Tim Northover
2014-Mar-28 21:41 UTC
[LLVMdev] Contributing the Apple ARM64 compiler backend
Hi Hal,> Is a different target triple the right thing to do here? I think that would introduce a ton of user confusion. How about we keep the target triples as they are, and add some other way to choose the desired backend?In the short term, it's almost essential. Both of these targets are going to be existing simultaneously for a while and all the LLVM tools (for testing if nothing else) are setup to select the target based on the triple. Longer term we want a single backend (probably in the AArch64 directory since that's the official name). Theoretically, we could drop "arm64" as a triple then (provided Clang still supported "-arch arm64" for compatibility), but in reality it would be a little odd if "-arch arm64" worked but "--target arm64" didn't. I suspect arm64 and aarch64 will just become synonyms at that point. Cheers. Tim.
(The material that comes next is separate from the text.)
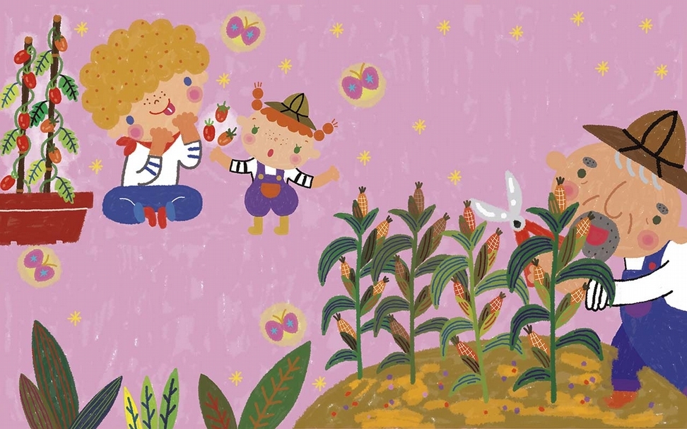 「很甜喔,紅的才能吃,綠的不能吃。」突然傳來的聲音,把阿宏嚇了一跳,是一個小女孩,後面跟著一位老先生。「阿公,他可以吃嗎?」小女孩問。「當然可以!你是住三樓的吧,我見過你。多多,摘幾顆給哥哥吃。」說完,老先生轉身消失在一排高大的玉米叢後。

----- Original Message -----> From: "Tim Northover" <t.p.northover at gmail.com> > To: "Hal Finkel" <hfinkel at anl.gov> > Cc: "LLVM Developers Mailing List" <LLVMdev at cs.uiuc.edu>, "Renato Golin" <renato.golin at linaro.org> > Sent: Friday, March 28, 2014 4:41:48 PM > Subject: Re: [LLVMdev] Contributing the Apple ARM64 compiler backend > > Hi Hal, > > > Is a different target triple the right thing to do here? I think > > that would introduce a ton of user confusion. How about we keep > > the target triples as they are, and add some other way to choose > > the desired backend? > > In the short term, it's almost essential. Both of these targets are > going to be existing simultaneously for a while and all the LLVM > tools > (for testing if nothing else) are setup to select the target based on > the triple. > > Longer term we want a single backend (probably in the AArch64 > directory since that's the official name). Theoretically, we could > drop "arm64" as a triple then (provided Clang still supported "-arch > arm64" for compatibility), but in reality it would be a little odd if > "-arch arm64" worked but "--target arm64" didn't. I suspect arm64 and > aarch64 will just become synonyms at that point.Okay; this sounds reasonable, at least from an infrastructure perspective. However, I think we'll want to have clear guidance regarding what we want users, and more importantly, packagers, to do. Are these two backends ABI compatible? If I have a toolchain setup for the existing aarch64-linux-gnu triple, could I try the new backend and still have clang find the linker and other object files in the lib/gcc directories? I assume that, if that makes sense, we'll want to make that work. -Hal> > Cheers. > > Tim. >-- Hal Finkel Assistant Computational Scientist Leadership Computing Facility Argonne National Laboratory
Tim Northover
2014-Mar-28 22:06 UTC
[LLVMdev] Contributing the Apple ARM64 compiler backend
> Are these two backends ABI compatible?They should be, where there's overlap. AArch64 doesn't have any MachO support at the moment. ARM64 does have ELF support (obviously with less testing than AArch64's). Any ABI discrepancy would be considered a bug.> If I have a toolchain setup for the existing aarch64-linux-gnu triple, could > I try the new backend and still have clang find the linker and other object > files in the lib/gcc directories?I believe so. You *should* be able to take any command-line you now have with "--target aarch64-X-Y-Z", replace it with "--target arm64-X-Y-Z" and it will just work. Once the merge really gets started, that's a property everyone wants to make sure is preserved: no regressions with existing commands for trunk, and the final backend should be a drop-in replacement for both iOS and ELF targets. Hopefully strictly better in both cases. A big choice approaching is exactly how we go about the merge. In my opinion trying an actual merge on .td files isn't going to work (massive inconsistency even if we could make it happen technically) so we're going to have to pick one of the two as a core for the final backend, and strip all the useful bits out of the other one cherry-pick style. Cheers. Tim.